Reputation: 391
I have a panel data that records the employment status of individuals across different years. Many of them change jobs over the time span of my data. I want to capture these transitions and conduct second-order Markov Chain Analysis (Using the previous two transitions to predict the likelihood of next one). To do so, I need to convert my data to (1) merge the previous two transitions into string sequences and (2) put the sequence and the next transition side by side.
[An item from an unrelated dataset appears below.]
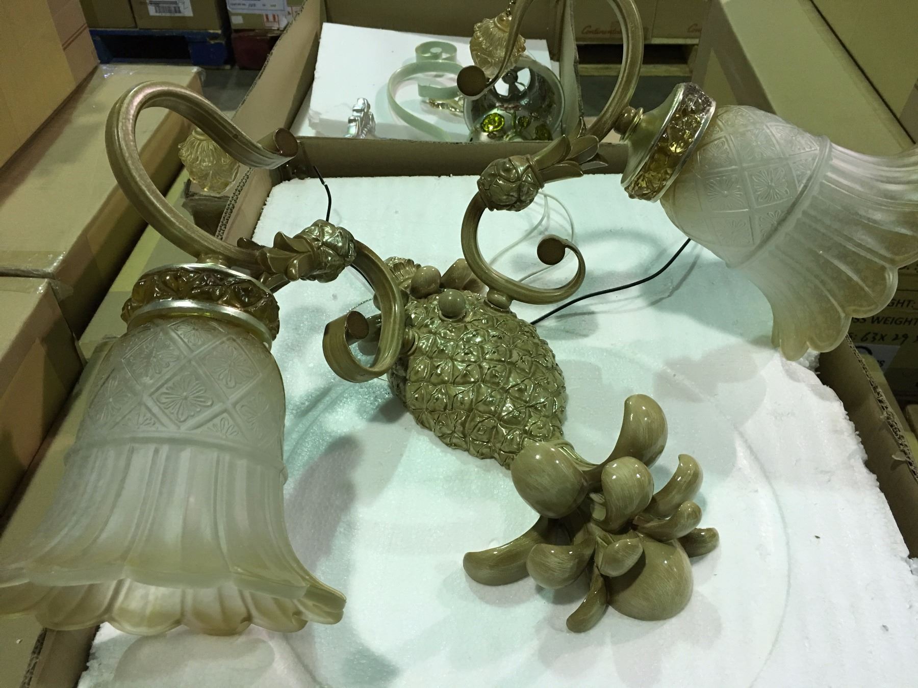 GROUP OF 5 PINEAPPLE DESIGN DOUBLE LIGHT WALL SCONCES

For example:
Year Person Employment_Status
1990 Bob High School Teacher
1991 Bob High School Teacher
1992 Bob Freelancer
1993 Bob High School Teacher
1994 Bob Researcher
1990 Peter Singer
1991 Peter Singer
1990 John Singer
1991 John Dancer
1990 James Actor
1991 James Actor
1992 James Producer
1993 James Producer
1994 James Investor
The ideal output should look like below (Note that the records of Peter and John are not included because they don't have enough previous transitions to be used. Peter has no transition and John in total has two):
From To
High School Teacher-Freelancer High School Teacher
Freelancer-High School Teacher Researcher
Actor-Producer Investor
Upvotes: 0
Views: 48
Reputation: 96
There are probably more efficient ways to do this, but the following should work and has the benefit of being able to follow the steps to ensure the correct output.
library(dplyr)
library(fuzzyjoin)
# Remove consecutive duplicates of preson & employment_status
clean_df <- df %>%
arrange(
Person, Year
) %>%
mutate(
Combo = paste(Person, Employment_Status, sep = '_')
) %>%
filter(
!dplyr::lag(Combo, n = 1, default = "1") == Combo
) %>%
select(
-Combo
)
# Find the next employment transition
first_transform <- clean_df %>%
fuzzyjoin::fuzzy_left_join(
y = clean_df %>%
select(
Next_Year = Year
, Person
, Next_Employment_Status = Employment_Status
)
, by = c(
"Year" = "Next_Year"
, "Person"
, "Employment_Status" = "Next_Employment_Status"
)
, match_fun = list(
`<`
, `==`
, `!=`
)
) %>%
filter(
!is.na(Next_Year)
) %>%
group_by(
Person.x, Year
) %>%
rename(
Person = Person.x
) %>%
select(
-Person.y
) %>%
dplyr::slice_head(n = 1)
# Concatenate first employment transition and look for the next
first_transform %>%
mutate(
From = paste(Employment_Status, Next_Employment_Status, sep = "-")
) %>%
left_join(
y = first_transform %>%
select(
Person, Year
, To = Next_Employment_Status
)
, by = c(
"Person" = "Person"
, "Next_Year" = "Year"
)
) %>%
ungroup() %>%
filter(
!is.na(To)
) %>%
select(
From, To
)
Upvotes: 1